WORK REQUEST:
Taking the entries below, transcribe only the lines starting with the one with "Der durchschnittliche Kaufpreis" and going on through the one with "Même dans ce", exactly as written, without the pictures.

MATERIAL SUPPLIED:
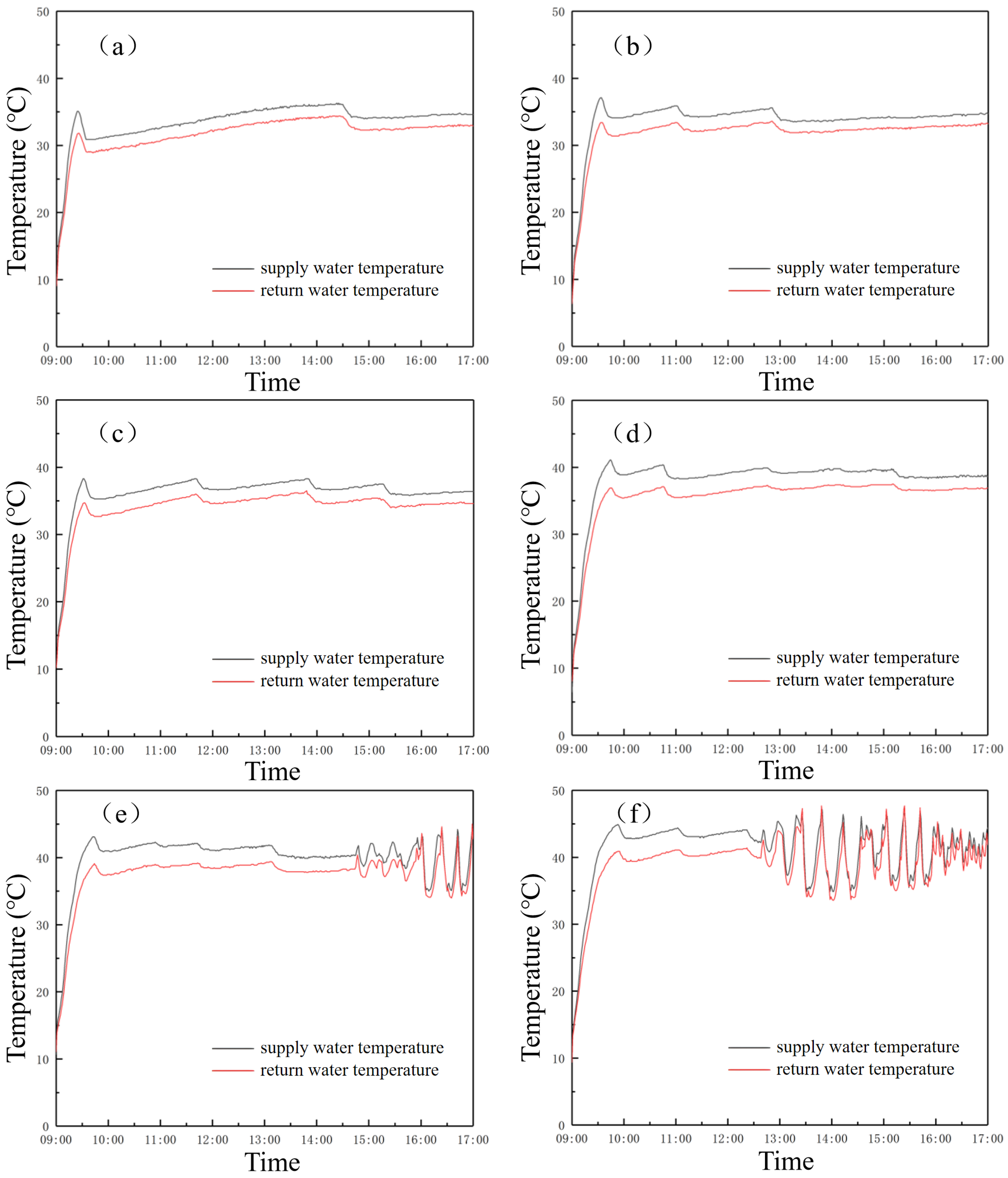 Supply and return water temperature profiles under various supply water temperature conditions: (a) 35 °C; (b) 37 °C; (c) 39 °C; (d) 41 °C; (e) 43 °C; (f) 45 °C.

---

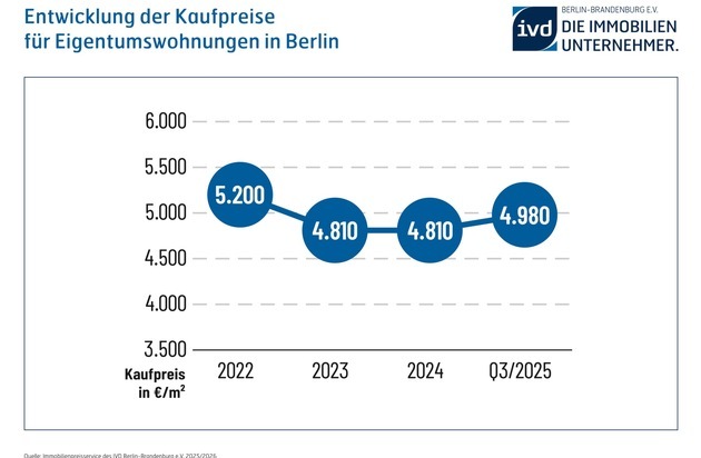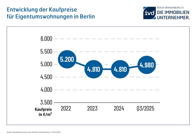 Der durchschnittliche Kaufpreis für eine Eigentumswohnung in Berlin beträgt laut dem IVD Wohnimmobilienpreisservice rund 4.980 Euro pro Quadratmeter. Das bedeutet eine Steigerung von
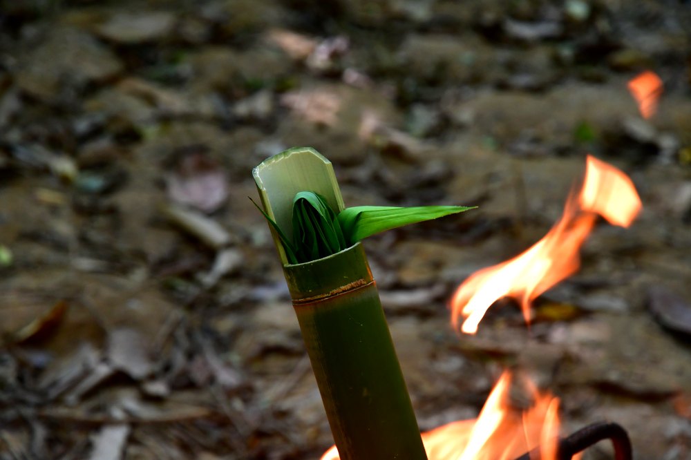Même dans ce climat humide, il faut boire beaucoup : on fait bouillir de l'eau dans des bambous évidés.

RESULT OF THIS EXERCISE:
 Der durchschnittliche Kaufpreis für eine Eigentumswohnung in Berlin beträgt laut dem IVD Wohnimmobilienpreisservice rund 4.980 Euro pro Quadratmeter. Das bedeutet eine Steigerung von
Même dans ce climat humide, il faut boire beaucoup : on fait bouillir de l'eau dans des bambous évidés.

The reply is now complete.